One Day in Auckland, this Happened…
Missing out on seeing one of Auckland’s famous sights due to an alarming turn of events.
It was a gorgeous day in Auckland. The sky was blissfully blue, the temperature was an ideal temperature – not too cold, not too hot – and the extra crowds from New Year’s travels had mostly dissipated. Tom and I were on the last day of our two week trip to New Zealand – and our only day spent on the North Island.
After hiking, kayaking, biking, and too much driving, we were ready to spend the day doing nothing except our own personal Auckland pub crawl that took us from our hostel in Parnell to the harbor downtown. One of the excellent things about Auckland is all the restaurants and bars with al fresco seating and we were determined to make good use of them.

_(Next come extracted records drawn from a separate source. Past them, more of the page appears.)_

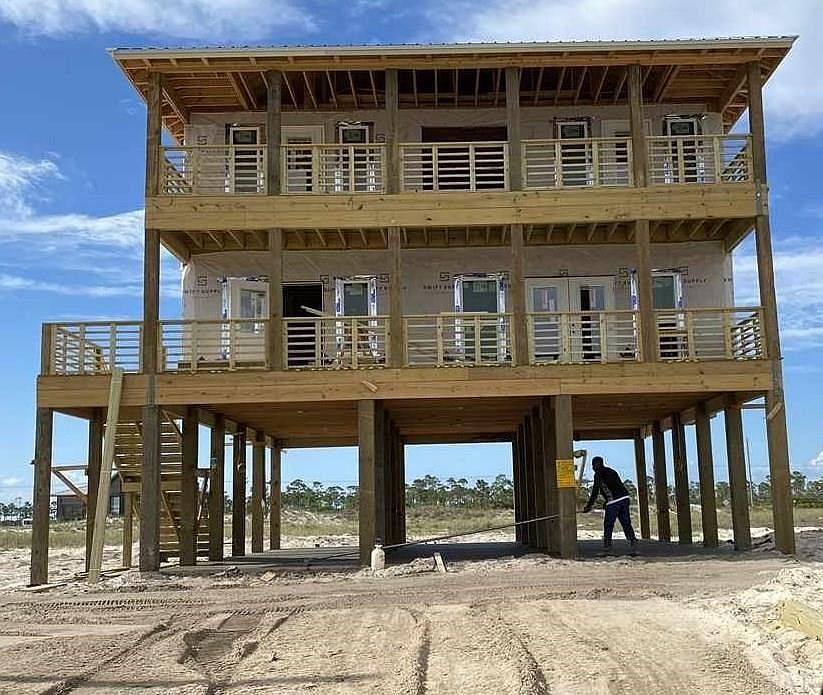 You have waited all summer for this! READY AFTER Labor Day! BRAND NEW GOLD FORTIFIED construction in popular Fort Morgan! Live your beach dreams in style - Classic style two story beach house with gulf views and beach access. Two porches - 288 sq ft each - with access from 3 of the five bedrooms. Granite countertops in kitchen and baths, custom tiling in showers. Master bedroom with balcony access on main floor; upstairs landing/den area includes wet bar and storage. Lot has plenty of room for pool to be added. Details and quotes for pool upon request.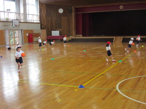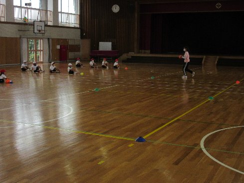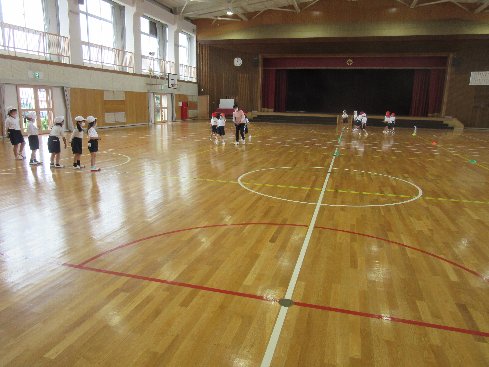 3時間目は体育の授業でした。体育館で、ぐるぐるリレーを行いました。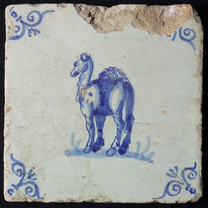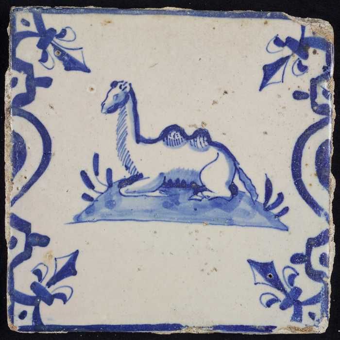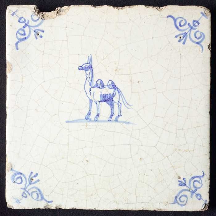 Dierentegel, staande kameel, hoekmotief gesteelde os...

I was prepared to leave this ambiance, though, for a drink up in the Auckland Sky Tower, which has panoramic views of Auckland and the harbor and I was excited to have a drink there and take in the view. Tom had been there before and agreed it was cool and something everyone should do in Auckland.
So off we went, only to arrive to a crowd surrounding the Sky Tower with everyone’s faces turned upward. We peered through the crowd and saw policemen and squad cars blocking the street.
A helpful citizen saw our confused looks. “There’s a jumper on the Sky Tower,” he explained. He pointed. “See, he’s in orange.”
Tom and I squinted and sure enough, there was a speck of orange that could be seen very close to the edge of the rim of the Sky Tower.
“So does that mean the bar and restaurant is closed?” Tom asked.
“Yup, everyone who was up there got ushered out and their meals comped,” the guys said.
The speck of orange was now moving and pacing high above. I immediately felt a bit sick to my stomach and grabbed Tom’s arm and began pulling him away down the street in the opposite direction of the crowd and police.
“I am not ending my vacation watching some man end his life,” I urgently muttered to Tom as I quickly walked away.
Tom replied soothingly: “I’m sure he won’t jump. It’s probably just a cry for help.”
I frowned. “Well, just in case.” I thought for a moment and then frowned harder, a bit guiltily this time for the thought that just popped into my head, which I voiced to Tom. “Why did he have to pick today to decide to jump off the Sky Tower? What are the odds? I really want to go there!”
We headed back toward the harbor and found a new bar to drink at and have some snacks. We kept checking our phones for news updates and each time it said the man was still up there threatening to jump. My plan to go to the Sky Tower before darkness took over the city was quickly fading.
Eventually, as the sun was setting, we decided not to wait anymore and hopped in a cab to head back to Parnell to get some dinner.
“You guys have good timing,” the cab driver said cheerfully. “They just opened the street again so we can take the quick way there.”
“The street for the jumper?” I asked, wide-eyed, wondering what happened.
“Did he jump?” Tom asked.
“Oh, no. He finally came down about 15 minutes ago I heard. All’s good.”
Tom and I exchanged exasperated glances.
“Sure, now he comes down,” I grumbled, though glad the man didn’t jump to his death.
And, as often I say when a day in a city doesn’t go quite according to plan, I added: “Guess we’ll just have to come back to Auckland someday so we can go up in the Sky Tower!”